Wednesday, January 21, 2015

The Light in Our Enemies

8 months is long enough, right?  Let's do this. 


Over the last few months, I've spent a lot of time attempting introspection.  This isn't something that comes naturally, but with help from sites like Slate Star Codex, I'm getting a little bit better.  Today I want to talk about two ideas that Quakers talk about a lot: loving our enemies, and the light within each person.  

Enemy love is a foundational component of Christianity, but it should also be a foundational component of humanism.   Insofar as love means an honest attempt to empathize with, respect, and treat well, we should do these things for people with whom we disagree, our who may think poorly of us.  I'm going to treat these as presuppositions, and hope you share them.  

Treating those we disagree with well is really hard.  Like, really really hard, you guys.  Have you tried NOT rolling your eyes when relative X says something about how the polar ice caps have never been bigger?  Super hard.  But of all the areas of self-improvement I've tried to implement, respecting the person I disagree with has been the most rewarding.  

Respecting the opposite-minded is crucial if we really believe our mantra of light being present within each person.  I'm using light as a vague metaphor - feel free to substitute whatever makes sense for you. Acknowledging the light in each person requires us to admit that on some basic level, we're all equally important, valuable, and worthy of respect.  When I mock your ideas, or assign motives to you unfairly, I'm lessening your standing in my eyes, so that my own standing can improve.  It seems so impossible to us that an equally intelligent/smart/wise/valuable person could disagree with us on such important issues as religion, politics, or music that to eliminate that cognitive dissonance, first we must correct the hierarchy.  You're down, I'm up.  I ensure that you're down via sarcasm, allegation of impure motives, or casual dismissal.  From there, I clobber you with whatever nugget of infallible wisdom I'm disseminating that day, then assume you'll roll over and play dead.  Rinse, repeat, viva the in-group! 

And this all makes a ton of sense!  It really does.  If there's anything that comes natural to us, it's finding new and creative ways to solidify the line around our in-groups, and cast apostates into the out-group. But the result of following this natural tendency is that nobody gets convinced to change their mind.

If the goal of important conversations is to reach the point that action can be taken towards our desired outcomes, shouldn't the efficacy of our persuasion methods be under constant scrutiny?  It's here that the Quaker ideals of enemy love and the light within each person come in so handy.  If I want to change your mind, I have to be the kind of person you're willing to allow to influence you.  And maybe I'm wrong, but I don't think a picket sign or a Facebook post is how that kind of trust is built. If I'm going to persuade you, I have to first respect you, and listen to you, and give you an equal chance to persuade me.

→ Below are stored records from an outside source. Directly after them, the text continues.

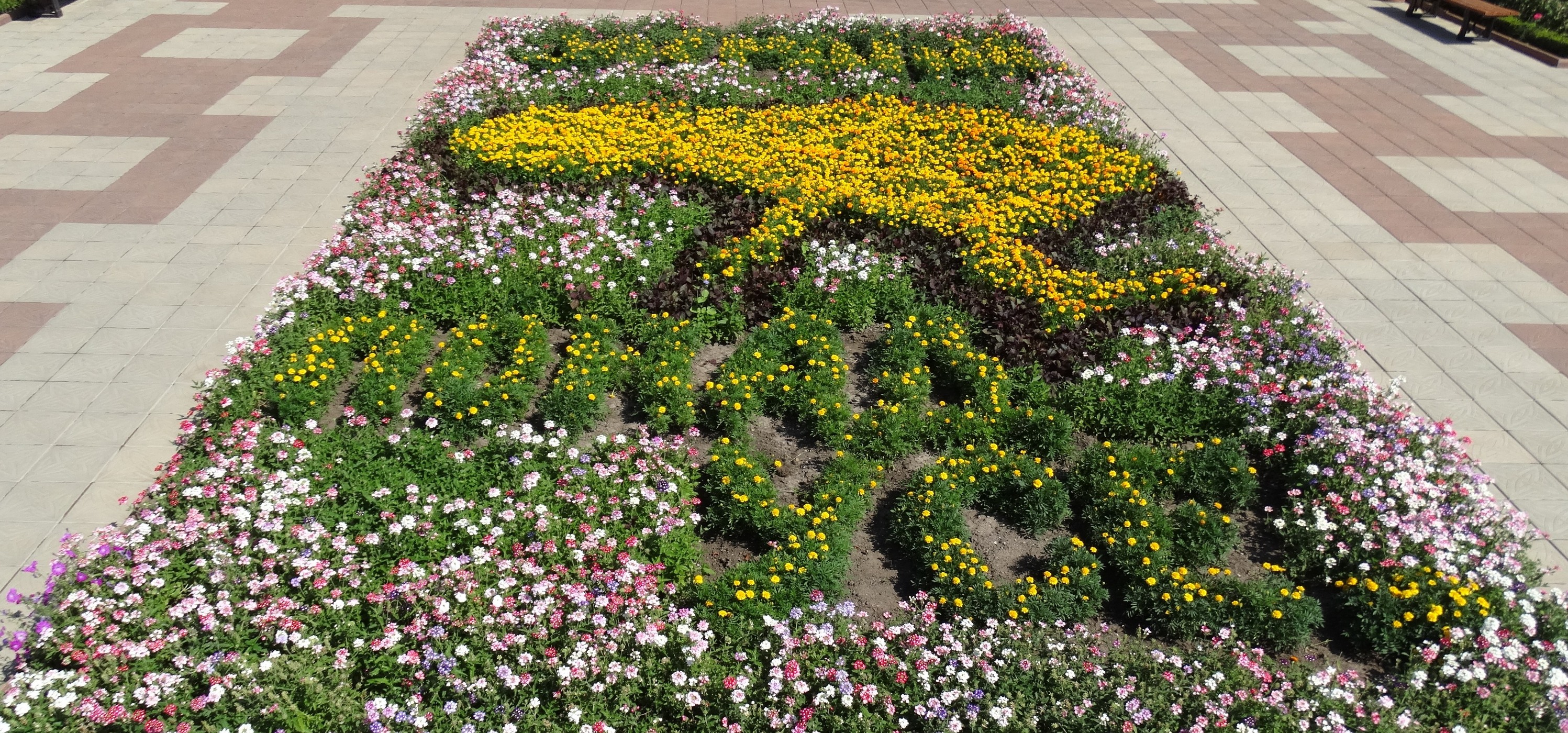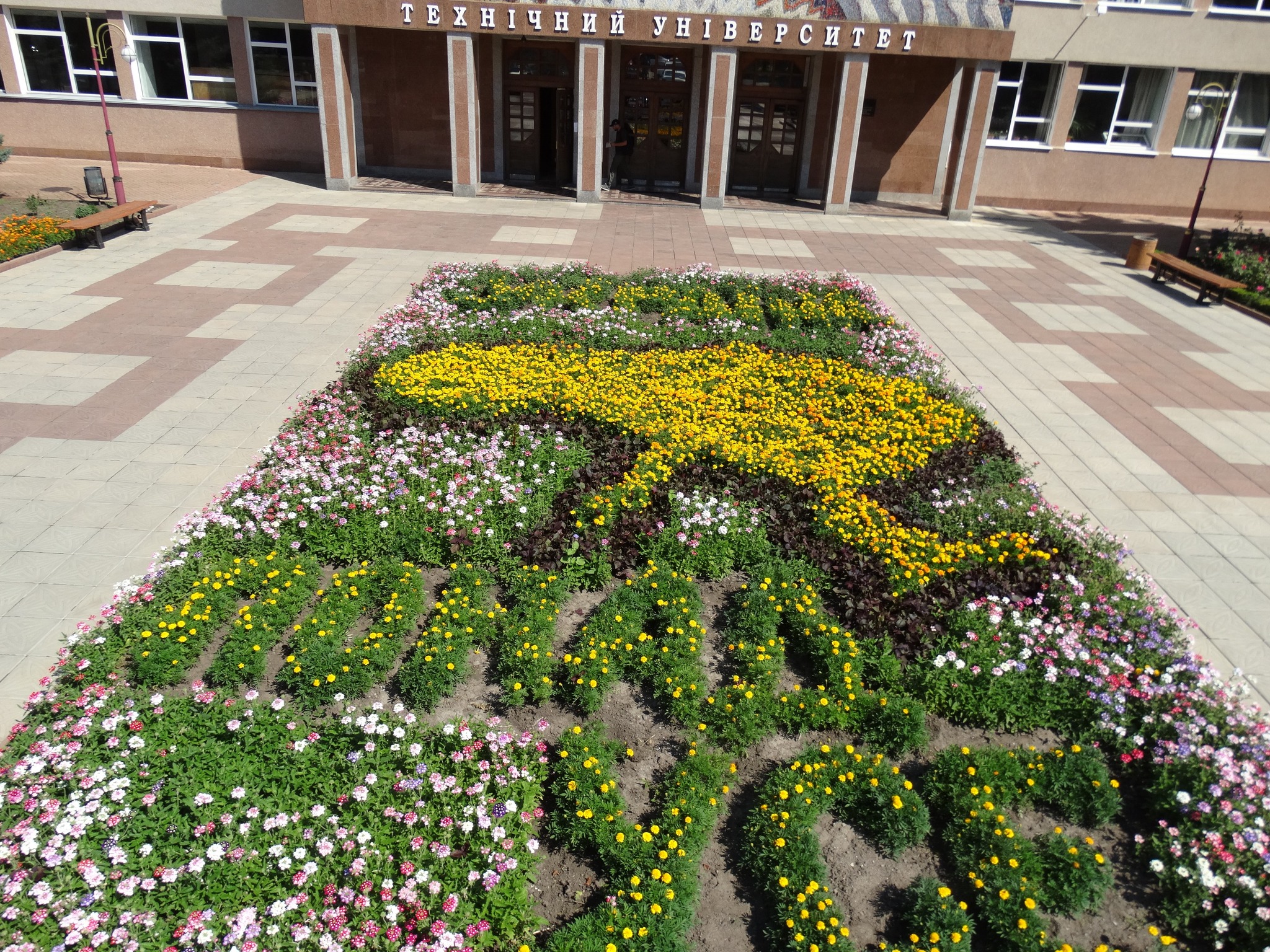 Яскраві квітники створені садівницями адміністративно-господарської частини університету, вражають різнобарв’ям квітів та патріотичними мотивами.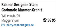Die Adresse von Rahner Design in Stein lautet: Wilhelmstr. 46, 76461 Muggensturm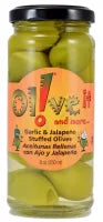 A slice of Jalapeño pepper and a crunchy garlic clove hand stuffed in our fantastic Sevillano green olives. A spicy delight!
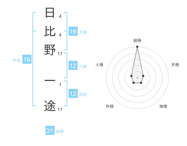 日比野 一途さんの総格は31画の5点!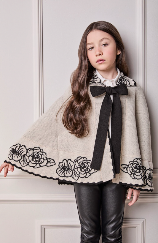 Vestido Infantil Festa com Capa Tule Bordado Creme - Petit Cherie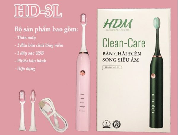 - Bàn chải điện dành cho người lớn HDM HD-3L sử dụng công nghệ rung sóng siêu âm tần số cao kết hợp 5 chế độ làm sạch chuyên biệt giúp loại bỏ mảng bám hiệu quả gấp 99,95%, sạch sâu khoang miệng, massage chăm sóc nướu.
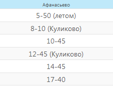 | Интервал движения: по расписанию | Стоимость проезда: от от 26 руб. |

So let's talk about the light within each person.  A variation of this is that we should look to protect and love those who are commonly called "the least of these."  In the Bible the inference is usually that "the least of these" are children, or immigrants, or the poor, or the sick and dying.  More recently, this has grown to include the LGBT community and racial and gender minorities. We usually don't think these people are "less," rather that they have a more difficult ladder to climb to reach the playing field the rest of us are already using.  And this is true, of course.  These groups have a tougher road.

But this is where I want to challenge us to think differently.  For us - those of us who consider ourselves liberal, or humanists, or progressive Christians - in our worldview, these are not "the least of these."  For us, our natural sympathies extend to these people.  A lot of the time, it's EASY for us to love them.  We've probably already been involved in causes related to them, and we did it because it's obvious we should.  We recognize their humanity, see that their road is tougher, and do our best to improve their situations.  And these are things we should be doing!

My thesis is that if we want to improve our communities, countries, and planet, we have to go beyond what's natural or easy for us.  We have to recognize our natural biases, and fight against them.  We have to fight the urge to scream into our echo chambers.  We have to fight the urge to re-blog a bumper-sticker meme on Facebook and think we've contributed something meaningful.  I submit that what's meaningful is listening to someone we disagree with so long that we can finally understand why they think what they think, and then be able to say, "I acknowledge that you're a decent human being, and your opinion stems from a worldview that make sense given your experiences, even if I disagree with it with every fiber of my being."

For us, loving the least of these should mean more than believing in rights for immigrants or LGBT people.  For us, loving the least of these should mean seeking out and LOVING the Ted Cruz in our family.  It should mean finding a way to RESPECT the local equivalent of Ann Coulter or Fred Phelps.  This is how minds are changed.  If we can't love, or at least respect, the equality, humanity, and capacity to reason possessed by those we disagree with, I don't think we can claim to be after social change.  We're after social affirmation.  Social affirmation is easy.  Social change is hard.  And because it's impossibly, maddeningly hard, it deserves our most serious consideration.  

I want to change the world.  And I want the world to change me.  First goal - make friends with, respect, and love, my own personal Ted Cruz.